The partition wall 34 is composed of a vertical wall portion 34a and a horizontal wall portion 34b extending in a direction parallel to the data electrode 32. And the vertical wall part 34a and the horizontal wall part 34b form the main discharge cell 40, and the wall part 34b forms the gap part 41 between the main discharge cells 40. As shown in FIG. As a result, the partition wall 34 forms a main discharge cell row in which a plurality of main discharge cells 40 are connected in accordance with a pair of display electrode pairs consisting of the scan electrode 22 and the sustain electrode 23, and adjacent main discharge cell rows. The interstitial part 41 is created in between. A priming electrode 29 is formed on the front substrate 21 of the interstitial portion 41 in which the two scanning electrodes 22 are adjacent to each other, and the interstitial portion is a priming discharge cell 41a. Function. That is, the clearance gap 41 is the priming discharge cell 41a which has the priming electrode 29 every other time. In addition, the gap 41b is an gap between two sustain electrodes 23 located adjacent to each other.

The tops of these partitions 34 are formed flat so as to be in contact with the front substrate 21. This is to prevent mutual interference of adjacent main discharge cells 40. In particular, in the writing period, the main discharge cell 40 is to prevent a malfunction such as generating a wrong write under the influence of the priming generated with the write discharge of the adjacent main discharge cell 40. In addition, the wall charges of the main discharge cells 40 adjacent to the priming discharge cells 41a are reduced together with the priming discharges to prevent malfunctions such as writing failure of the main discharge cells 40.

And the surface of the dielectric layer 33 corresponding to the main discharge cell 40 partitioned by the partition 34, the side surface of the partition 34, and the phosphor layer 35 are provided. In addition, although the phosphor layer 35 is not formed in the clearance part 41 side in FIG. 1, you may make it the structure which forms the phosphor layer 35 in the clearance part 41 side.

In the above description, the dielectric layer 33 is formed so as to cover the data electrode 32, but the dielectric layer 33 may not be formed.

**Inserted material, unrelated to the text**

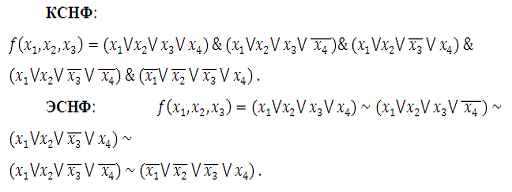получения КСНФ, ЭСНФ используем термы для 0 значений функции:
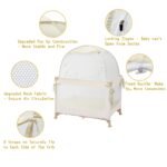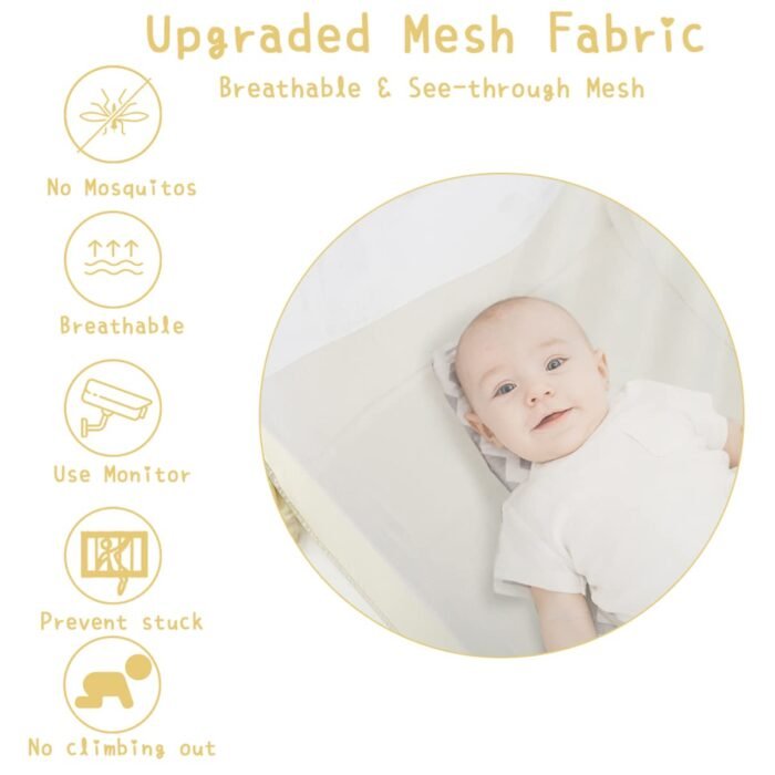 The safeguard for your baby escapees! Are you worried that your baby get bite, get caught between railings, or climb out of the playpen/ pack n play/ mini crib? This high-end pack and play canopy is your dream solution. You can indulge yourself in a peaceful sleep. Your baby will not get tumbled, or escape from the crib if you use our pack n play tent to keep baby in. No need to assemble! All you need to do is to take out the crib net to keep baby in, and put it in the pack n play/playpen/mini cribs/play yards. What You Get 1 x Baby Pack N Play Tent 100% satisfaction guarantee—Please contact us if you have any question about the baby net for crib! Specs & Details Color: beige Size: 3.3×2.3×4.1 FT Package size: 12.2×12.2×2 inches Fit Mini Cribs / Pack N Play / Playpen / Play yard Weighs: about 3 lbs How to Enjoy Follow install instructions—no tools required Give your curious baby freedom to move + wide range of vision Sleep well knowing they’re super safe and comfortable!

3 is an electrode array diagram of a panel in an embodiment of the present invention. In the column direction, the data electrodes D _{1 to} D _m (data electrodes 32 in FIG. 1) are arranged in the m column. And n rows of scan electrodes SC _{1 to} SC _n (scan electrode 22 in FIG. 1), n rows of sustain electrodes SU _{1 to} SU _n (supply electrode 23 in FIG. 1), and n / 2 rows of priming electrodes PR ₁ ~PR _{n -1} (the priming electrode (29 in Fig. 1)), the sustain electrode SU ₁ - scan electrode SC ₁ - priming electrode PR ₁ - scan electrode SC ₂ - sustain electrode SU ₂ - Sustain electrode SU ₃ -scanning electrode SC ₃ -priming electrode PR ₃ -scanning electrode SC ₄ -holding electrode SU _4- . It is arranged to be. Then, the main discharge cells C _{i , j} including the pair of scan electrodes SC _i , sustain electrodes SU _i (i = 1 to n) and one data electrode D _j (j = 1 to m) (the main one of FIG. 1). Discharge cells 40 are formed in m x n discharge spaces. In addition, priming electrode PR _p is (p is odd number) and one n / 2 is formed in the priming discharge cell PS _p (priming discharge cell even (41a) of 1), the discharge space containing the data electrodes D ₁ ~D _m. And details will be described later, the priming generated in the priming discharge cell PS _p in the address period is a main discharge cell adjacent to priming discharge cell _{PS p C p, 1 ~C p} , m, C p +1,1 ~C _It is supplied to _{p + 1, m} .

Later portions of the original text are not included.